For a least squares model with $d$ variables, the adjusted $R^2$ statistic is calculated as

$\text{Adjusted }R^2=1-\frac{RSS/(n-d-1)}{TSS/(n-1)}, (R^2=1-\frac{TSS-RSS}{TSS}=1-\frac{RSS}{TSS})$

where $TSS=\sum_{i=1}^{n}(y_i-\bar{y})^2=\sum_{i=1}^{n}(y_i^2-\hat{y}^2)+\sum_{i=1}^{n}(\hat{y}^2-n\bar{y}^2)$ is the total sum of squares

Maximizing the adjusted $R^2$ is equivalent to minimizing the $\frac{RSS}{n-d-1}$
RSS always decreases as the number of variables in the model increases
$\frac{RSS}{n-d-1}$ may increase or decrease, due to the presence of $d$ in the denominator
Unlike the $R^2$ statistic , the adjusted $R^2$ statistic pays a price for the inclusion of unnecessary variables in the model
Unlike $C_p$, AIC, and BIC , for which a small value indicates a model with a low test error, a large value of adjusted $R^2$ indicates a model with a small test error

# Validation and cross-validation

Each of the procedures returns a sequence of models $M_k$ indexed by model size $k =0,1,2…$
We compute the validation set error or the cross-validation error for each model $M_k$ under consideration, and then select the $k$ for which the resulting estimated test error is smallest.
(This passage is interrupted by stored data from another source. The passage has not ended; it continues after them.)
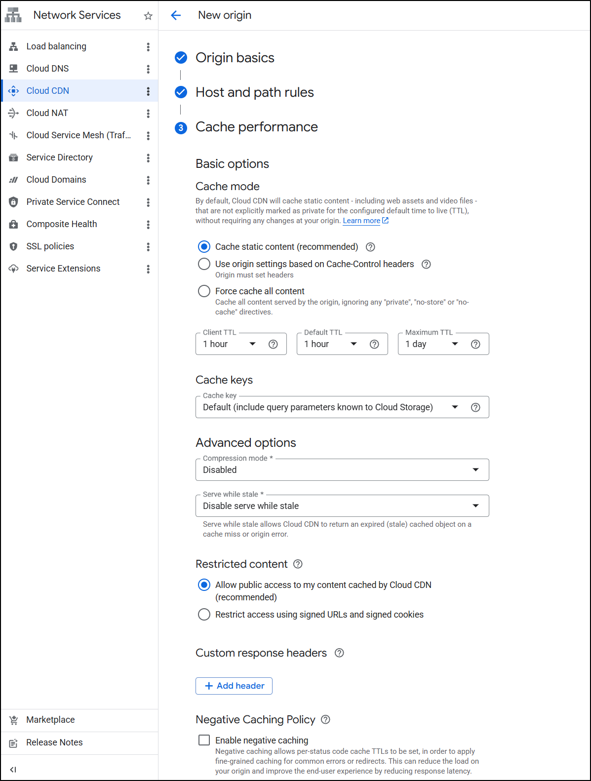 An important step here is to uncheck the “Enable Cloud CDN” checkbox. For a test site (which is just a preview of in-flux articles), we would not want any of them cached (as we are actively changing them)
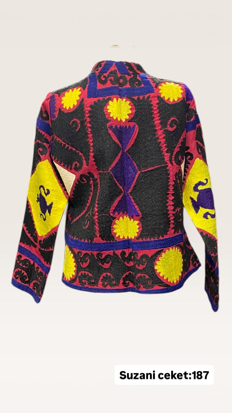 ÜRÜNLERİMİZ İPEK SUZANİDİR. ÜRÜNÜMÜZ ÖLÇÜLERİ OMUZ=41 BOY=73 KOL=46 EBATINDADIR.ÜRÜNÜMÜZ ASTARLIDIR.EL YAPIMI ESKİ KUMAŞLARDAN ÜRETİLMİŞTİR. ÜRÜNÜMÜZ KİŞİYE ÖZEL TASARIMDIR. ürün çok eski kumaşlardan kırkyama yapılarak sonra ceketolrak tasarlanmıştır
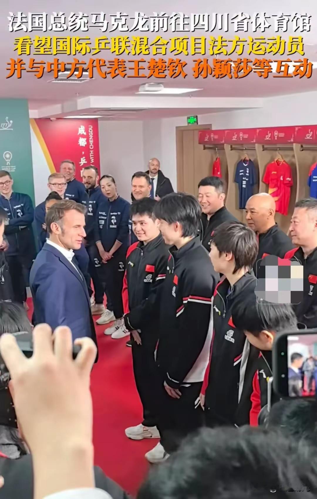 马克龙前往四川省体育馆 和孙颖莎王楚钦打混双乒乓球 场面欢乐和谐乒乓球马克龙 法国总统马克龙前往四川省体育馆看望国乒运动员,中方国乒运动员代表孙颖莎,王楚钦,王曼昱和林诗栋。马克龙和孙颖莎,王楚钦打混双乒乓球,有来有回,场面十分欢乐,笑声不断。
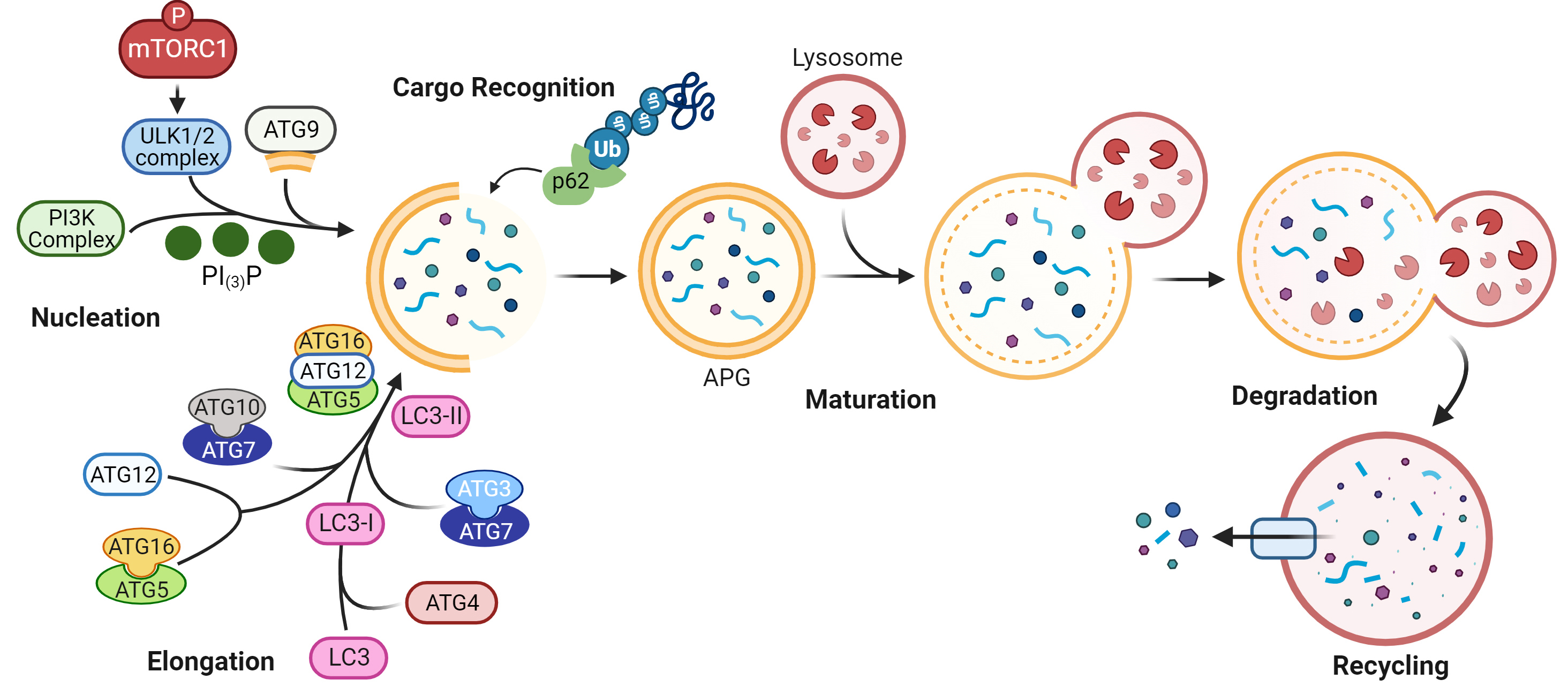in this dynamic process. Autophagy is initiated upon phosphorylation of mTORC1,
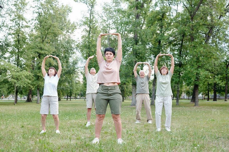 Растягивание тела на занятиях фитнеса на открытом воздухе
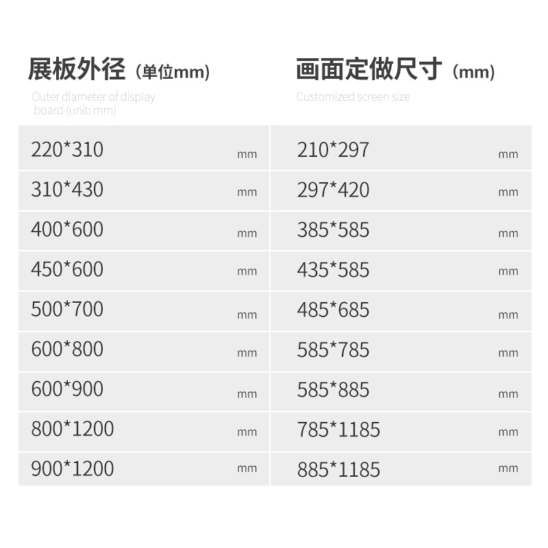 (A4)220*310mm(A3)310*430mm400*600mm450*600mm500*700mm600*800mm600*900mm600*1200mm800*1200mm(two pieces) 900*1200mm(two pieces) Customized size (ten pieces minimum)
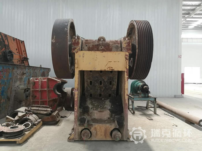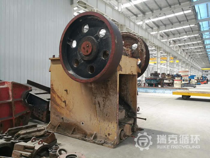 該臺設備是由黎明路橋重工生產的,后被售往砂石廠使用,期間表現(xiàn)良好,無重大故障出現(xiàn)。2018年4月中旬回收至洛陽瑞克循環(huán)。設備到廠后,外觀良好,無明顯損傷。經我方技術人員進行深入檢查后判斷設備情況如下:機架完好;偏心軸完好;大皮帶輪、飛輪均無損傷,可正常使用;襯板處有損壞;動鄂部完好。根據(jù)以上檢查情況,出具維修方案如下:更換受損襯板,其余各部清洗拆分做防銹處理。維修后,重新組裝進行試機實驗,經質檢人員檢查合格后。
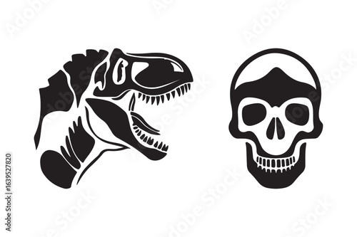 Fototapeta premium Dinosaur skull and human skull silhouette tattoo design
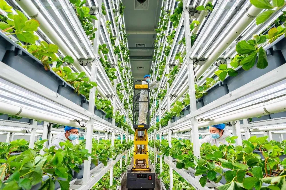 Çin'in kuzeyindeki İç Moğolistan özerk bölgesindeki Hohhot'ta modern bir tarım parkında dijital bir bitki fabrikası faaliyet gösteriyor. (People's Daily Online/Ding Genhou)
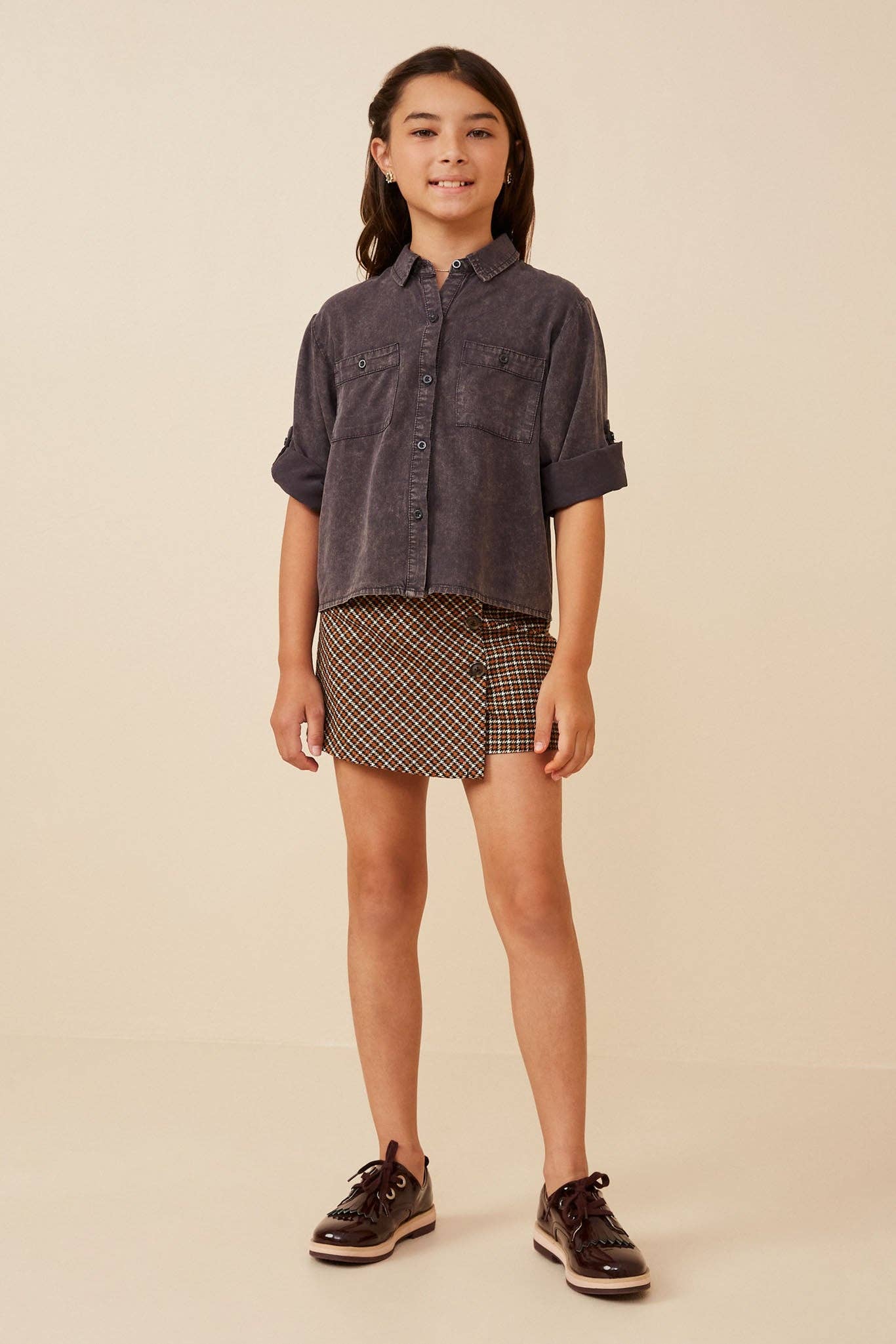 Product Details: Our Garment Dyed Tencel Button Up Shirt Features: * Tencel Woven Fabric * Button Up * Long Sleeves with Roll Tabs * Due to the nature of the wash and garment dye process, each piece is unique and no two pieces are exactly alike. Measurements: Size Length Chest Small 18" 17" Medium 18.5" 18" Large 19" 19" X-Large 19.5" 20" The measurements in the chart above reflect the garment laying flat. For body measurements please visit our Size Guide. Model Stats: * Height: 4'4" * Wearing Size: S Material & Care: * Hand Wash Cold * Hang Dry
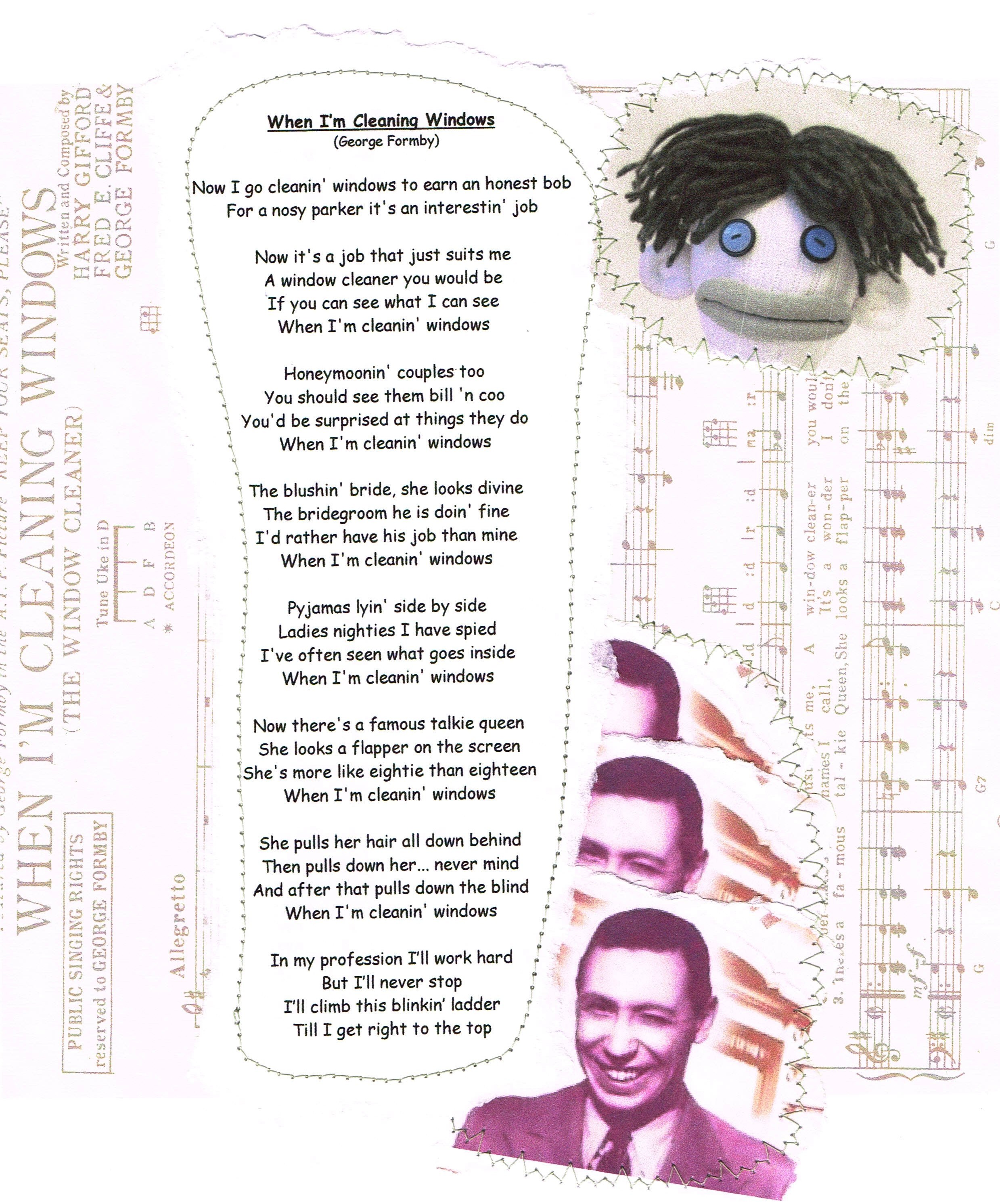 He righted the ladder and said that I had to clean up his window cleaning water that had spilled all over the floor. But since Jake is really an old softie at heart, he said he would entertain me while I mopped up. He climbed his ladder, got himself all comfy at the top and sang for me his favourite George Formby song, “When I’m Cleaning Windows”.

✅ This procedure has an advantage relative to AIC, BIC, $C_p$ , and adjusted $R^2$ , in that

it provides a direct estimate of the test error

It can also be used in a wider range of model selection tasks, even in cases where it is hard to pinpoint the model degrees of freedom (e.g. the number of predictors in the model) or hard to estimate the error variance $\sigma^2$

❎ It needs computational power

# One-standard-error rule

All three approaches suggest that the four-, five-, and six-variable models are roughly equivalent in terms of their test errors

We first calculate the standard error of the estimated test MSE for
each model size
and then select the smallest model for which the estimated test error is within one standard error of the lowest point on the curve

Selecting Number of Model Parameters Using Cross-Validation and One Standard Error Rule

# Shrinkage Methods

we can fit a model containing all $p$ predictors using a technique that constrains or regularizes the coefficient estimates
shrinking the coefficient estimates can significantly reduce their variance

# Ridge regression

Recall that the least squares fitting procedure estimates $\beta_0, \beta_1, \ldots, \beta_p$ using the values that minimize

$RSS=\sum_{i=1}^{n}(y_i-\beta_0-\sum_{j=1}^{p}\beta_jx_{ij})^2$

In contrast, the ridge regression coefficient estimates $\hat{\beta}_\lambda^R$ are the values that minimize

$\sum_{i=1}^{n}(y_i-\beta_0-\sum_{j=1}^{p}\beta_jx_{ij})^2+\lambda\sum_{j=1}^{p}\beta_j^2=RSS+\lambda\sum_{j=1}^{p}\beta_j^2$

where $\lambda\geq 0$ is a tuning parameter
By making RSS smaller, the ridge regression seeks coefficient that fit the data well

$\lambda\sum_{j}\beta_j^2$ called a shrinkage penalty, is small when $\beta_1,\beta_2,\ldots,\beta_p$ are close to zero
The tuning parameter $\lambda$ serves to control the relative importance of the two terms on the regression coefficient estimates. Select a good $\lambda$ is crucial, usually via cross-validation

# The Lasso (Least Absolute Shrinkage and Selection Operator)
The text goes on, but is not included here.